しかし、「え……」と、驚いたような表情を浮かべたあと、詩帆さんはすぐに眉を寄せる。
そして、「ちょっと待って」とスマホを取り出し、画面を操作し始めた詩帆さん。
しばらくして、こちらに視線を送ると、
「えーっと、さ。つまり隼人くんは、このあと暇ってこと?」
「うん。まぁ」
「それならさ……」
そう言って、詩帆さんは俺の長袖の袖口を摘むと、視線を逸らす。
どこか気恥ずかしそうに、スマホを持った手で口元を隠すと、
「このあと、ちょっと付き合ってほしい」
そう、言って、やや上目遣いにこちらに視線を送った。
少しでけ、赤くなっている詩帆さんの頬に、思わずどきりとして。
「あぁ。まぁ暇だから、全然……」
そんな風に、不器用に頷く俺であった。
「……」
あれから、約30分。
一度総武線の電車に乗り、浅草橋で乗り換えをした俺たちは、本所吾妻橋駅で降りた。
電車に乗っている間、何度もスマホを持ったり、画面を操作して時々顔を赤くしている詩帆さんは不思議だったけど……。
まぁ、彼女なりに、何かあるのだろう。
そして、歩くこと数分。
「おー、こう見ると結構高いんだな」
見上げたくなくても、自然と上方斜めに顎が持ち上がる。
俺たちがやってきたのは、世界一高い電波塔と名高い、『東京スカイツリー』だった。
この場所は、東京を一望出来る展望台としても有名で、一年中、季節を問わずに多くの人が訪れる観光スポットとなっている。

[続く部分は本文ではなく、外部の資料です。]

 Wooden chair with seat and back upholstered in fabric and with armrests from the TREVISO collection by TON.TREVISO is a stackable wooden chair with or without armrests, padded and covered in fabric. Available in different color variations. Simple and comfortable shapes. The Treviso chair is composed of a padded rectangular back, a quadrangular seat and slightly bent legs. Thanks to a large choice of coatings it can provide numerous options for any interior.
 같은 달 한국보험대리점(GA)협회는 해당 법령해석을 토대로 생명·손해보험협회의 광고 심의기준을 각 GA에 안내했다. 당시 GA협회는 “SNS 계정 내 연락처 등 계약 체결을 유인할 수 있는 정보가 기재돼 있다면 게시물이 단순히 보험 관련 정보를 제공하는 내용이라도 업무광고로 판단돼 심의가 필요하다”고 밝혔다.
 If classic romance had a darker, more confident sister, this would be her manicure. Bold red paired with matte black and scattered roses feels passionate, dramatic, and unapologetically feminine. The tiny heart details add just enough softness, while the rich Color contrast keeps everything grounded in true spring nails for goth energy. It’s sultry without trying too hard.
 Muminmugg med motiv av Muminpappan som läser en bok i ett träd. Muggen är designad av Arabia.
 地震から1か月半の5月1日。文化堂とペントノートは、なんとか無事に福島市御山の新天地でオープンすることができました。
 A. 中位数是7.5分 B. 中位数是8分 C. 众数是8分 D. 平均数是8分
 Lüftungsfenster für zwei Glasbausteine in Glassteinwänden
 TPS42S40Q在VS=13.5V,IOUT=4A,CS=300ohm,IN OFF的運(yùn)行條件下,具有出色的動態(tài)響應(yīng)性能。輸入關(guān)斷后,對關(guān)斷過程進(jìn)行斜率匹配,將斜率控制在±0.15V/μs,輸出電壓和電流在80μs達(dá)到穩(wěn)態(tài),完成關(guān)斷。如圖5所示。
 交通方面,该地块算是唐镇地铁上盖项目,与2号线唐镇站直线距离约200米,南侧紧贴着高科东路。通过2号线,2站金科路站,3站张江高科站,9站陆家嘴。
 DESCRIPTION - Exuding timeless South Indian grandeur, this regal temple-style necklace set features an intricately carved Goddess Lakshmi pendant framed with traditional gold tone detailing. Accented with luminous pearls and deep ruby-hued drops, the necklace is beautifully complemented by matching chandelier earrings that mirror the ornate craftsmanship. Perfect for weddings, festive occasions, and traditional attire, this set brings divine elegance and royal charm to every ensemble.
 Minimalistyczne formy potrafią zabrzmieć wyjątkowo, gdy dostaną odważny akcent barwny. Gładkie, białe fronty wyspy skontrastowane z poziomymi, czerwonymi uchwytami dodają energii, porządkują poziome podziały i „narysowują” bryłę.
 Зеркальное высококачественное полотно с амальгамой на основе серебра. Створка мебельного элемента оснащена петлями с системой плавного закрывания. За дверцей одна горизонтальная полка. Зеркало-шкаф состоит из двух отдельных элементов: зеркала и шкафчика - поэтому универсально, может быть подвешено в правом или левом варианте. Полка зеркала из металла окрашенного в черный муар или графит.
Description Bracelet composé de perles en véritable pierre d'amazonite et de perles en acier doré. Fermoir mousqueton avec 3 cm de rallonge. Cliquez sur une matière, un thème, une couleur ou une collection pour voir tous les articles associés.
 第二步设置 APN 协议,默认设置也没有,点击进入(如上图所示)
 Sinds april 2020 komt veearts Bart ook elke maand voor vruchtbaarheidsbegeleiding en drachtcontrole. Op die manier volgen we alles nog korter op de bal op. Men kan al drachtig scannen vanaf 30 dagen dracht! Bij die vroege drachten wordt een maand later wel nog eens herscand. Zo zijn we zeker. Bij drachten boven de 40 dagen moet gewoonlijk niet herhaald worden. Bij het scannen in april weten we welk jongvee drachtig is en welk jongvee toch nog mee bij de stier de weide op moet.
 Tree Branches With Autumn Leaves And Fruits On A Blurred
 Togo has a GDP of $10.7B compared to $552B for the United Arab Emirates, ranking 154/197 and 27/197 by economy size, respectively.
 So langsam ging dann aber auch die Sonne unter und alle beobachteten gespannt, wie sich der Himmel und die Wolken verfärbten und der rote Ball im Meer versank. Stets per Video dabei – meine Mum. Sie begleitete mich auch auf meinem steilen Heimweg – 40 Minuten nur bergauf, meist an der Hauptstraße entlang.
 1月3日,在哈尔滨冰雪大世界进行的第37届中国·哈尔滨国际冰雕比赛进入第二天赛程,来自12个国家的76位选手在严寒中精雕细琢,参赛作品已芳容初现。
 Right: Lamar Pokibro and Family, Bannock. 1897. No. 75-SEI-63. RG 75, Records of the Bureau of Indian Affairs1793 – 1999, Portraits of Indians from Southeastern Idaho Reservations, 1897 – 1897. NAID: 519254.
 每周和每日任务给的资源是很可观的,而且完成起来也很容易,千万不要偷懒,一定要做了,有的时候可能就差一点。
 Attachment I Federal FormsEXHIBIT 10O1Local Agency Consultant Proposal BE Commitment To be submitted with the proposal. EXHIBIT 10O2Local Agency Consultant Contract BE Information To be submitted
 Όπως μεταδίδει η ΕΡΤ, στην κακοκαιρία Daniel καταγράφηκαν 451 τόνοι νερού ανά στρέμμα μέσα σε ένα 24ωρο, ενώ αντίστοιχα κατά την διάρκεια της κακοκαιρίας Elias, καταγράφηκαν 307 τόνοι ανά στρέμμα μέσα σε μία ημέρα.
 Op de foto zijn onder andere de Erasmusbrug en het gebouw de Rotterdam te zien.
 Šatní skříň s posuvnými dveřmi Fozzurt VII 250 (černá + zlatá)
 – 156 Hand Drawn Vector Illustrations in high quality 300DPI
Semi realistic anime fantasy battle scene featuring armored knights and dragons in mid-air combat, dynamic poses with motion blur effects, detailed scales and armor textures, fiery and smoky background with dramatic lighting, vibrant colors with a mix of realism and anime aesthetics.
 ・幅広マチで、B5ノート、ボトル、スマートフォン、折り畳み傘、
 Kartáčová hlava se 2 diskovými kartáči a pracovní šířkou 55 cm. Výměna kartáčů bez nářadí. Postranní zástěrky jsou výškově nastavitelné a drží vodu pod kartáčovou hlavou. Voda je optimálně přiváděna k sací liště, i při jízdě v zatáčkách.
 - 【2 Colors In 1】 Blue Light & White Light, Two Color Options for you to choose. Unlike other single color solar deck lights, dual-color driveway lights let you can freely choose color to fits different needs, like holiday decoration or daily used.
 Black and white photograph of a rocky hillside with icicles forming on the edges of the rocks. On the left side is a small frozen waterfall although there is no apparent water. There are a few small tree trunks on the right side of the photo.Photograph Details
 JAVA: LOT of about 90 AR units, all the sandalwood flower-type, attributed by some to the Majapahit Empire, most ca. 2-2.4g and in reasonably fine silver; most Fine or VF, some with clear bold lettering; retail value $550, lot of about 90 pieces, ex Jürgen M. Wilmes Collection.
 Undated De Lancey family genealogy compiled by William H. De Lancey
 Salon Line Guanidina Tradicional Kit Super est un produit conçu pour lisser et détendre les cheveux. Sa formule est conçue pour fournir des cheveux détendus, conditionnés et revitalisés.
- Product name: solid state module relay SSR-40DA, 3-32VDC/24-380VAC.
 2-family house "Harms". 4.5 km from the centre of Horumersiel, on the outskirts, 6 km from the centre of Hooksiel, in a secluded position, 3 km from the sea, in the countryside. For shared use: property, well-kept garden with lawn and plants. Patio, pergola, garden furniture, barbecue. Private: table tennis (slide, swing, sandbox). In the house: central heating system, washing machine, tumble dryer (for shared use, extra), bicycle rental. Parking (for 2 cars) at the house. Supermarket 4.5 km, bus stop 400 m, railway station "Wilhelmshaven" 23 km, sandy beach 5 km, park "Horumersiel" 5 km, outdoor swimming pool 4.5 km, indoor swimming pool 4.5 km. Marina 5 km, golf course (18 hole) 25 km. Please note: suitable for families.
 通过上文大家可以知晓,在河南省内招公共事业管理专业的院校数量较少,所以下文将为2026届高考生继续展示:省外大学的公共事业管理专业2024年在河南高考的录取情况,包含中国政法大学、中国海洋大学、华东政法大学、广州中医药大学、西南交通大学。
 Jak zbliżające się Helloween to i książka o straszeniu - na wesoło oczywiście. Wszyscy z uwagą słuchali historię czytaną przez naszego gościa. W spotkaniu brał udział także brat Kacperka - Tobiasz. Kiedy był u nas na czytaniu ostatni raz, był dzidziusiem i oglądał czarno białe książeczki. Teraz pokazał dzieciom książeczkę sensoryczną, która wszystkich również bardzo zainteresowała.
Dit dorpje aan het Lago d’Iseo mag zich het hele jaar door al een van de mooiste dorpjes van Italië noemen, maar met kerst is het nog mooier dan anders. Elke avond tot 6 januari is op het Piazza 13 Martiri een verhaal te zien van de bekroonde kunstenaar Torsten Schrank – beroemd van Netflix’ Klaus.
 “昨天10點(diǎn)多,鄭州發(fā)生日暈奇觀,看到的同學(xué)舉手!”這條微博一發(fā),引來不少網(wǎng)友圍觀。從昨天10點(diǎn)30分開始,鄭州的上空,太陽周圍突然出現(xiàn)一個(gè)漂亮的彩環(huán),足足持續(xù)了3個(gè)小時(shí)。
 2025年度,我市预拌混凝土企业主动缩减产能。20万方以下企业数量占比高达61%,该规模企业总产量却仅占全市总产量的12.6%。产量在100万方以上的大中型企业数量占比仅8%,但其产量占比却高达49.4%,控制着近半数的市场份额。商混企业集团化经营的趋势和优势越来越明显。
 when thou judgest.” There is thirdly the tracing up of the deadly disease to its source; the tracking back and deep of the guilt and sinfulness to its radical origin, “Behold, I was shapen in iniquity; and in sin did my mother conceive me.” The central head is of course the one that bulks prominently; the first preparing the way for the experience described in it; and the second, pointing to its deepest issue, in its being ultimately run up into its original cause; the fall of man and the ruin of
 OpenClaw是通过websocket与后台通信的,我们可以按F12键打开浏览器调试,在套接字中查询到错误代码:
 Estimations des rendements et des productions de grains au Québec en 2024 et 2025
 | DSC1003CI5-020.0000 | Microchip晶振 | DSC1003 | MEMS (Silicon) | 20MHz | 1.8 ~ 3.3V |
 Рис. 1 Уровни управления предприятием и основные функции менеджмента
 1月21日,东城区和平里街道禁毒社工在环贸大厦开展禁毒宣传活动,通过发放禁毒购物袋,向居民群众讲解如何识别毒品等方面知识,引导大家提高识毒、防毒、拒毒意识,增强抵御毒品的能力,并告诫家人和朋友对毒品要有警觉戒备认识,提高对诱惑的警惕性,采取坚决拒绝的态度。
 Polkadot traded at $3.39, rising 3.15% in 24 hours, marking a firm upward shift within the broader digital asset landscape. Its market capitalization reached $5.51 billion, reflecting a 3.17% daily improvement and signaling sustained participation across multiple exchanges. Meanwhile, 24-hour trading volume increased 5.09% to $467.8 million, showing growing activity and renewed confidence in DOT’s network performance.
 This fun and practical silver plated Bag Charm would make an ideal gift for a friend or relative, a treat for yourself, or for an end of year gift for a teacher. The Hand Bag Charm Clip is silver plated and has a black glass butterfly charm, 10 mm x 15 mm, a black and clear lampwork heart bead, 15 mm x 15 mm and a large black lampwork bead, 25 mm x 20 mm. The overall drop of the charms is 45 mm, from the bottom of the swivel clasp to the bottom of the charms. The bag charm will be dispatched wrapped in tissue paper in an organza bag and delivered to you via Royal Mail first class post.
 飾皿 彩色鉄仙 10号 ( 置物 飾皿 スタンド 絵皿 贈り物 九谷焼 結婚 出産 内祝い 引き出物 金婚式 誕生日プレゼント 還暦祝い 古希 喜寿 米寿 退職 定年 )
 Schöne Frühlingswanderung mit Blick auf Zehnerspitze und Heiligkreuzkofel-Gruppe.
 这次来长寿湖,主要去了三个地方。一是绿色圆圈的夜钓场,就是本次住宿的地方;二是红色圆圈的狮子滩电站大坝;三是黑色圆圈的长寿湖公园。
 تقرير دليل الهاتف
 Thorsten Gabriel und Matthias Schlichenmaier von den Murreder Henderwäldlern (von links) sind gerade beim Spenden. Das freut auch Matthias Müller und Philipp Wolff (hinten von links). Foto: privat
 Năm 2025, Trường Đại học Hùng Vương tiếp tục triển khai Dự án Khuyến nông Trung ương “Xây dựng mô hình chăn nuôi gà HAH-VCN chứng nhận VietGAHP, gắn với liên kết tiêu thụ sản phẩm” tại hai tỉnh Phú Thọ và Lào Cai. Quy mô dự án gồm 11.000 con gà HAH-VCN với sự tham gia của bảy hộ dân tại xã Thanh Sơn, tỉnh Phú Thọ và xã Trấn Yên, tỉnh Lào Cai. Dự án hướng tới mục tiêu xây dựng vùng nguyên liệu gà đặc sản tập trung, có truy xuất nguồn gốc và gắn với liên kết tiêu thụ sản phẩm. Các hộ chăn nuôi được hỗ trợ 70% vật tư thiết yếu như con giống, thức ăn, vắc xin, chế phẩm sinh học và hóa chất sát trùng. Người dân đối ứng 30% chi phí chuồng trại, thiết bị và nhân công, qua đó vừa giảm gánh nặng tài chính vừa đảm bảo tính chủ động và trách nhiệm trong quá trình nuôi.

ただ、今まで一度も来たことがなかったので、実際にこんなに高くて大きいことや、アキバから30分以内に着く事は、今日初めて知った。
「えーっと……こっちかな」と、視線を何度もスマホの画面と、階段を行き来する。
そんな詩帆さんに、誘導され階段を登り。
そしてやってきたのは。
「ここだ……すみだ水族館!」
入り口を見て、パッと表情を明るくした詩帆さん。
入り口の上には、『すみだ水族館』と表示されており、その奥には、しっとりとした暗さの空間が広がっていた。
その後、入り口に立っていたスタッフに誘導され、チケットを発券した俺たちは、早速館内へ。
プロジェクションマッピングの階段を登り、目の前に広がった青と黒の世界に息をつく。
「わぁ……きれい」
隣から漏れた、詩帆さんの声に、俺もうんと頷く。
「確かに、なんか幻想的だね」
黒基調の室内に、ぼんやりと光る青い水槽。
ネオンテトラの大群を横目にさらに奥へと足を進める。
ライトアップされたクラゲの水槽や、エイやウツボなどが展示される大きな水槽を眺めるたびに、お互いに「綺麗」とか、「すごい」という息を漏らして。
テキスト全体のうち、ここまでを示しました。